Замолк шум трамвая, как бы в знак того, что всё кругом заснуло. За наружными рамами чуть-чуть слышатся жалобные голоса ночных насекомых, своими звуками как будто бы напоминающих о росистой осени. Ничего неведающая жена спокойно спит в соседней комнате.
Когда я беру кисть, эта кисть дрожит при каждом знаке, при каждой черте. Но со спокойным сердцем склоняюсь я над бумагой. Может быть, это перо и стремится по привычке писать вкось, но только я не думаю, чтобы оно бежало так беспорядочно оттого, что ум мой в смятении.
IV
Так или иначе, мне, оказавшемуся одиноким, ничего не оставалось другого, как по наказу матери искать опоры в дяде. Дядя, со своей стороны, приняв все дела, обо всём позаботился. И постарался сделать так, чтобы я смог уехать в Токио, куда я так стремился. По прибытии в Токио я поступил в Высшую Нормальную Школу. В те времена ученики были гораздо грубее и буйнее нынешних. Среди моих знакомых были такие, которые по вечерам устраивали драки с мастеровыми и наносили противникам своими гэта[7] раны в голову. Это бывало в результате попойки и случалось, что в такой неистовой перепалке у них отнимали в конце концов форменные фуражки. А внутри фуражки на белой материи всегда было написано имя владельца. Поэтому дело осложнялось, и о таком субъекте посылался в школу запрос из полиции. Однако товарищи всеми способами старались всегда, чтобы дело не выплывало наружу. Вам, воспитанному в нынешней приличной атмосфере, такое буйное поведение, по всей вероятности, покажется глупым. Собственно говоря, и мне оно представляется глупым. Но все товарищи взамен этого обладали такими свойствами своеобразной искренности, которых нет у нынешних учащихся.
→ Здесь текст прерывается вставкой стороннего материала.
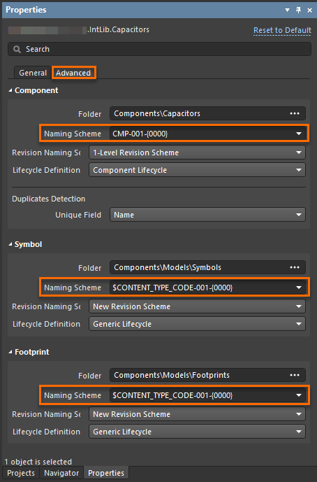 - Navigate to the Item Naming Scheme settings for components in your Workspace or Server.

Получаемая мною в те времена от дяди ежемесячная сумма денег была гораздо меньше той, которую теперь получаете вы от отца. Но зато, конечно, и цены были другие. Поэтому я не чувствовал недостатка ни в чём. Более того, положение моё среди многочисленных сверстников в смысле средств вовсе не было таким жалким, чтобы я должен был кому-нибудь завидовать. Когда я теперь озираюсь на это время, то думаю, что скорее мне другие могли завидовать. Потому что, помимо ежемесячно определённой суммы, я часто требовал у дяди денег то на покупку книг (я уже с того времени полюбил собирать книги), то на экстренные расходы и мог их тратить по своему усмотрению.
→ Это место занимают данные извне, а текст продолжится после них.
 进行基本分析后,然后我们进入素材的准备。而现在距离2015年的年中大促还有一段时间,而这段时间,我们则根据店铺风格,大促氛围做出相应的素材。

Ещё ничего не понимая, я верил своему дяде; более того, я всё время питал к нему чувство благодарности и относился к нему с признательностью и уважением. Дядя мой был человек дела. Его даже выбрали в члены префектуального собрания. Вероятно, в связи с этим, как мне кажется, у него было касательство и к политическим партиям. Несмотря на то, что он был родным братом моего отца, с этой точки зрения, по своему характеру они пошли по совершенно различным дорогам. Отец мой представлял собою простого человека, бережно хранящего то достояние, что оставили ему предки; его радостями были цветы и чай; кроме того, он любил читать поэтические произведения. У него был большой вкус и к таким вещам, как книги, картины, старинные вещи. Дом наш находился в деревне, но в двух милях от нас был город; в этом городе жил дядя, и оттуда продавцы часто специально приносили показать отцу то картины какэмоно, то курильницы для благовоний. Коротко выражаясь, отца можно было охарактеризовать, как „man of means“, как провинциального джентльмена, обладающего сравнительно изящными вкусами. Поэтому по своему нраву он очень отличался от дельца-дяди. И несмотря на это, отношения их друг к другу были на редкость хороши. Отец часто, говоря о дяде, выражался о нём как о человеке, гораздо более трудоспособном, чем он сам. Он говорил, что если иметь, подобно ему самому, состояние, оставленное родителями, то способности, присущие человеку, обязательно тупеют; коротко говоря, не хорошо, если нет необходимости бороться с окружающим миром. Такие слова слышала от него мать. Слышал и я. Отец говорил их, как будто желая наставить меня. „Ты это пойми хорошенько!“ — обращал он в этих случаях свой взор на меня. Поэтому я это и помню. Мог ли я, следовательно, подозревать в чём-либо этого дядю, которого так хвалил, которому так доверял отец? Он и при обычных условиях мог быть дядей, которым я должен был бы гордиться. Но для меня, после смерти отца во всём вверенного его попечению, он являлся не только предметом гордости: он стал человеком, необходимым для моего существования.
V
Когда я, воспользовавшись летними вакациями, приехал к себе домой, в нашем жилище, с которым я расстался после смерти родителей, теперь жили в качестве новых хозяев дядя с женой. Так у нас и было условлено ещё до моего отъезда в Токио. Для меня, оставшегося совершенно одиноким, другого выхода не было.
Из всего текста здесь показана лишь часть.